Think of fish stew, but tastier. Fish or shrimp are cooked in a traditional clay pan with coconut milk, tomatoes, onions and spices. There are two regional variants of the dish: Moqueca baiana (version from Bahia with palm oil) and Moqueca capixaba (from the State of Espirito Santo). They are both amazing. Pair it with rice and farofa.
Pão de queijo
There is nothing like a fresh out the oven pão de queijo! Crispy on the outside and chewy on the inside, these small cheese breads are Brazil’s best kept secret and can be enjoyed at breakfast or any time of the day. I love to have them as an afternoon snack with a cappuccino.
Exotic tropical fruit juices
Have you tried cashew juice? What about acerola, cupuaçu, carambola (starfruit) and cajá? In Brazil you can try a variety of delicious and healthy juices, including the star of them all: açaí. Yes, you can find açaí bowls in the U.S too, but in Brazil they are less expensive, and abundantly available.
You can try making your açaí bowl
Brazil and Argentina have been arguing for a long time who makes the best barbecue, and while I can’t say which one is the champion, I must say that if you are in Brazil and love meat, you must go to a churrascaria (Brazilian steakhouse) and have a feast on roasted prime cuts served on long skewers, and sliced on your plate by the waiters.
Salgadinho(s), which literally translates as “little salt”, are savory snacks highly regarded by Brazilians, and there’s a good reason for it. They are amazing!

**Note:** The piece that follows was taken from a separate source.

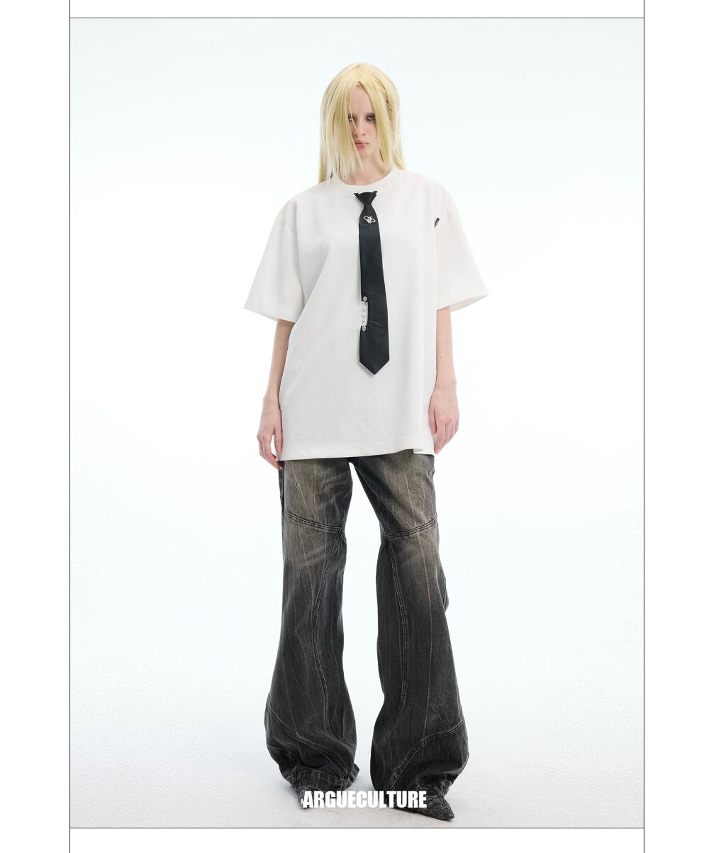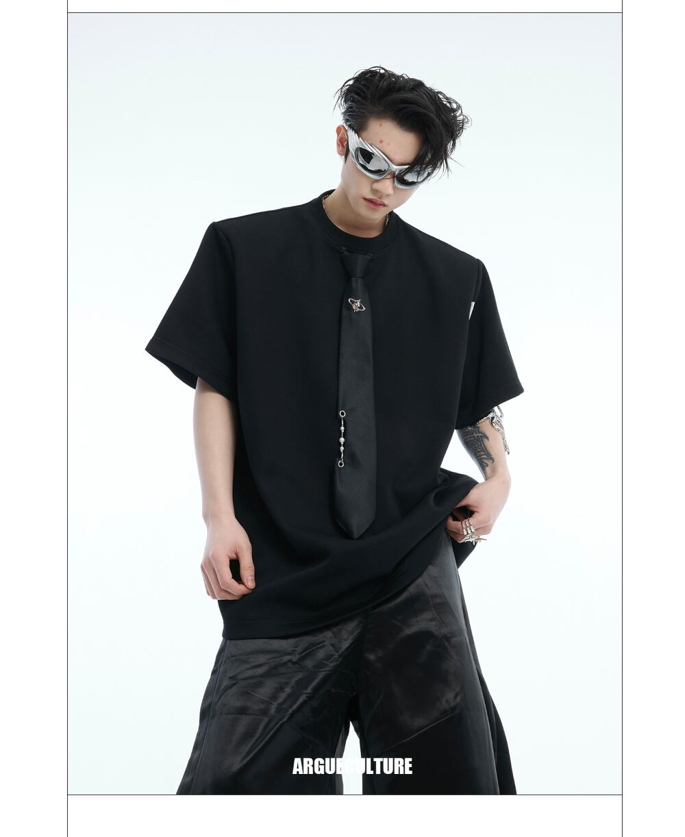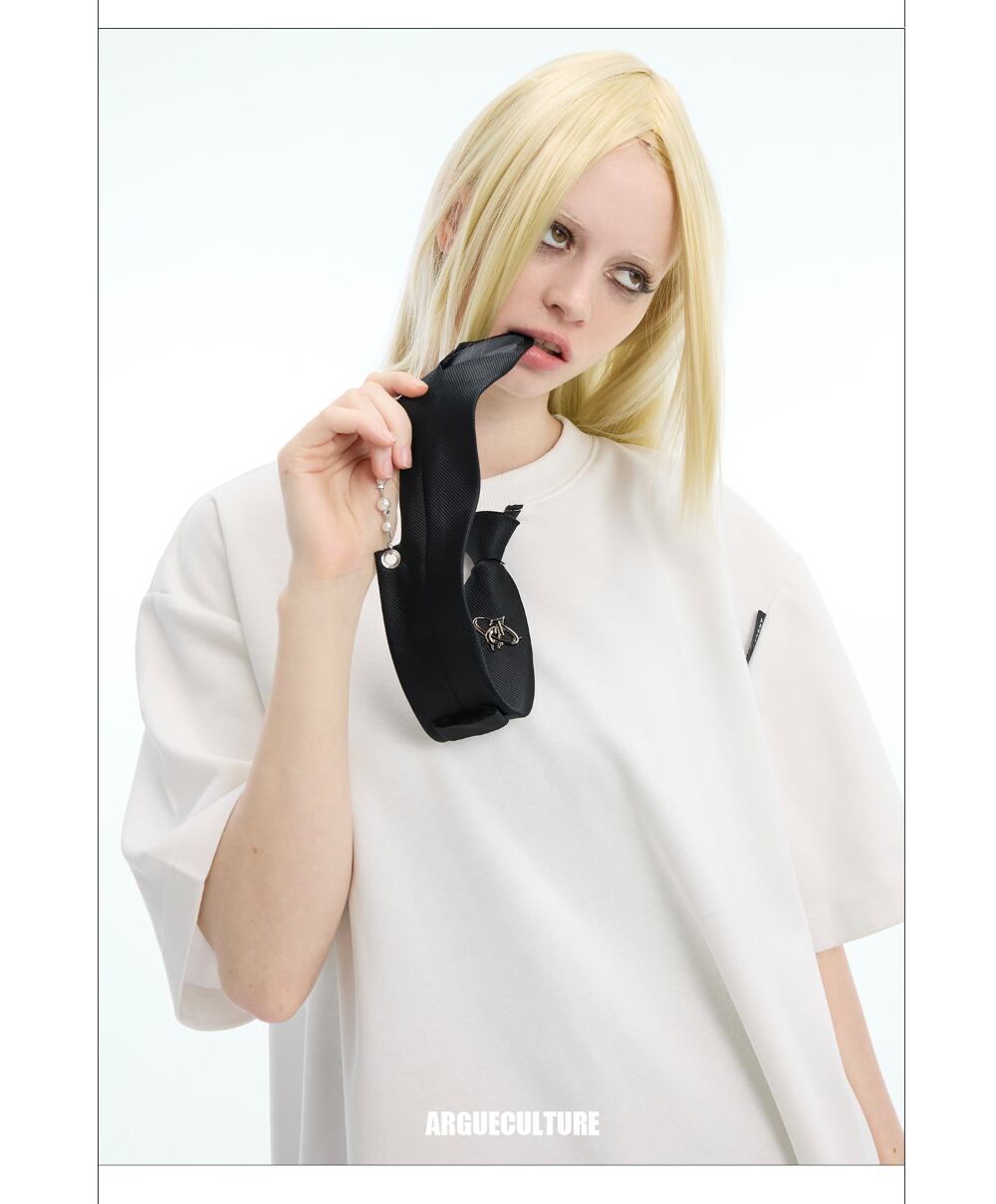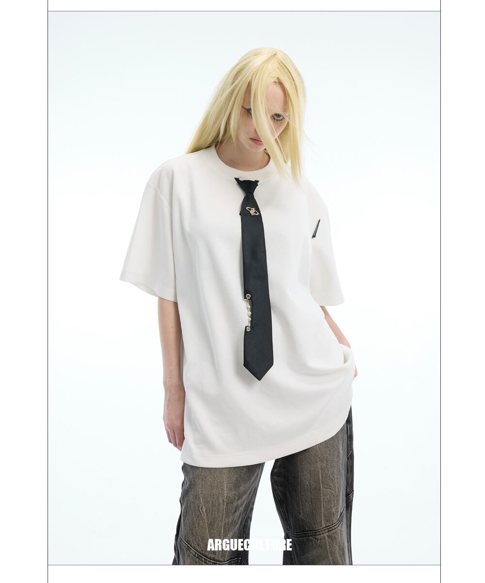 Argue Culture Tシャツロゴ入りネクタイ飾りゆったり肩パッド
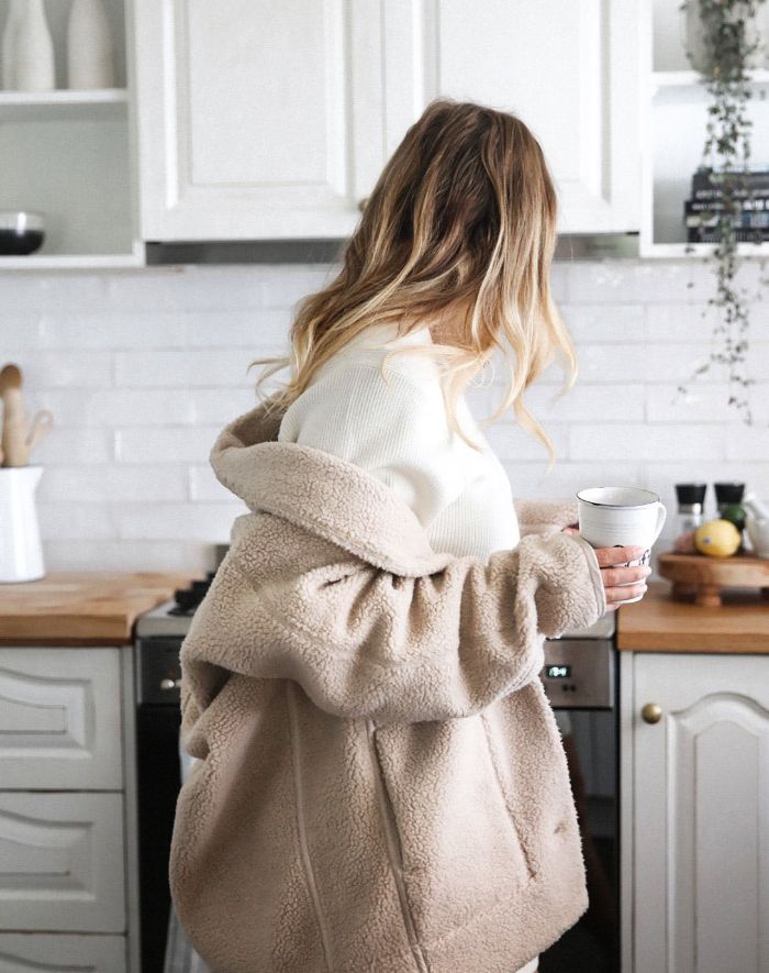 Schwedischer onlineshop mode outfit ideen weiß und beige eine frau zu hause bequeme kleidung

From the beloved coxinha (made with shredded chicken and potato) to pastel, bolinhos, esfiha and empadinha, the options are almost endless and all mouthwatering. You can find them at coffee shops and juice bars pretty much everywhere in the country, and can't leave without trying one!
At first you may think it’s a Sheppard’s Pie, but after the first bite you will realize this is completely different game. The Brazilian version is prepared with shreded carne seca - a dried, salted meat similar to beef jerky - and manioc/yucca purée. The result is delicious and it pairs very well with a cold beer.
Brazil’s national pride is sweet, decadent and goes by the name brigadeiro. An all-time favorite at birthday parties and other types of celebration throughout the country, this small chocolate ball has gained gourmet status in the recent years, and can be found at “brigaderias” - brigadeiro boutiques - in different flavors such as pistachio, hazelnuts, coconut and many other creative and delicious versions. You can make it at home. It’s super easy! Check out the recipe.
Which Brazilian food you can't wait to try?